Now, this bit involves some hearsay and conjecture[1], but apparently some managers of significance at Red Hat, IBM, and Intel started to take note. "We've got to do something about this DTrace," one of them undoubtedly said with a snarl (as an underling dragged off the fresh corpse of an unlucky messenger). SystemTap was a direct reaction to the results we were achieving with DTrace -- not to DTrace as an innovative technology.
When the project started in January of 2005, early discussion by the SystemTap team referred to "inspiration" that they derived from DTrace. They had a mandate to come up with an equivalent, so I assumed that they had spent the time to truly understand DTrace: to come up with an equivalent for DTrace -- or really to duplicate any technology -- the first step is to understand what it is completely. From day one, DTrace was designed to be used on mission critical systems, to always be safe, to induce no overhead when not in use, to allow for arbitrary data gathering, and to have systemic scope from the kernel to user-land and on up the stack into higher level languages. Those fundamental constraints led to some important, and non-obvious design decisions (e.g. our own language "D", a micro virtual machine, conservative probe point selection).

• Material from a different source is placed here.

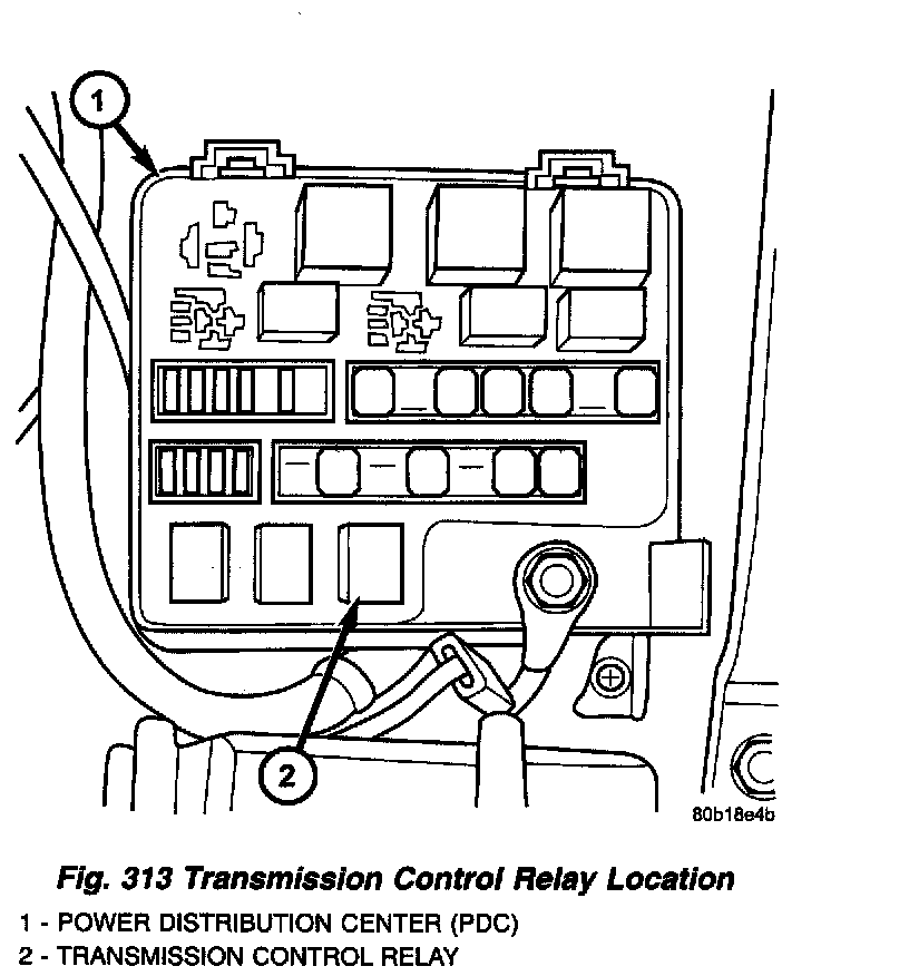 The transmission control relay (Fig. 313) is located in the Power Distribution Center (PDC), which is located on the left side of the engine compartment.

Instead of taking the time to understand DTrace, and instead of using it and scouring the documentation, SystemTap charged ahead, completely missing the boat on safety with an architecture which is nearly impossible to secure (e.g. running a SystemTap script drops in a generated kernel module). Truly systemic scope remains an elusive goal as they're only toe-deep in user-land (forget about Ruby, Java, python, etc). And innovations in DTrace such as scalable data aggregation and speculative tracing are replicated poorly if at all. By failing to examine DTrace, and by rushing to have some sort of response, SystemTap isn't like DTrace: it's a knockoff.
Amusingly, in an apparent attempt to salvage their self-respect, the SystemTap team later renounced their inspiration. Despite frequent mentions of DTrace in their
early meetings and email, it turns out,
DTrace didn't actually inspire them much at all:
CVSROOT: /cvs/systemtap
Module name: src
Changes by: kenistoj@sourceware.org 2006-11-02 23:03:09
Modified files:
. : stap.1.in
Log message:
Removed refs to dtrace, to which we were giving undue credit in terms of
"inspiration."

you're not my real dad! <slam>
Bad Artists Copy...
So uninspired was the SystemTap team by DTrace, that they don't even advocate its use according to a presentation on profiling applications ("Tools that we avoid - dtrace [sic]"). In that same presentation there's an example of a SystemTap-based tool called udpstat.stp:
$ udpstat.stp
UDP_out UDP_outErr UDP_in UDP_inErr UDP_noPort
0 0 0 0 0
0 0 0 0 0
4 0 0 0 0
5 0 0 0 0
5 0 0 0 0
... whose output was likely "inspired" by udpstat.d -- part of the DTraceToolkit
by Brendan Gregg:
# udpstat.d
UDP_out UDP_outErr UDP_in UDP_inErr UDP_noPort
0 0 0 0 1
0 0 0 0 2
0 0 0 0 0
1165 0 2 0 0
In another act of imitation reminiscent of liberal teenage borrowing from wikipedia, take a look at Eugene Teo's slides from Red Hat Summit 2007 as compared with Brendan's DTrace Topics Intro wiki (the former apparently being generated by applying a sed script to the latter). For example:
What isn’t SystemTap
- SystemTap isn’t sentient; requires user thinking process
- SystemTap isn’t a replacement for any existing tools
What isn't DTrace
- DTrace isn't a replacement for kstat or SMNP
- kstat already provides inexpensive long term monitoring.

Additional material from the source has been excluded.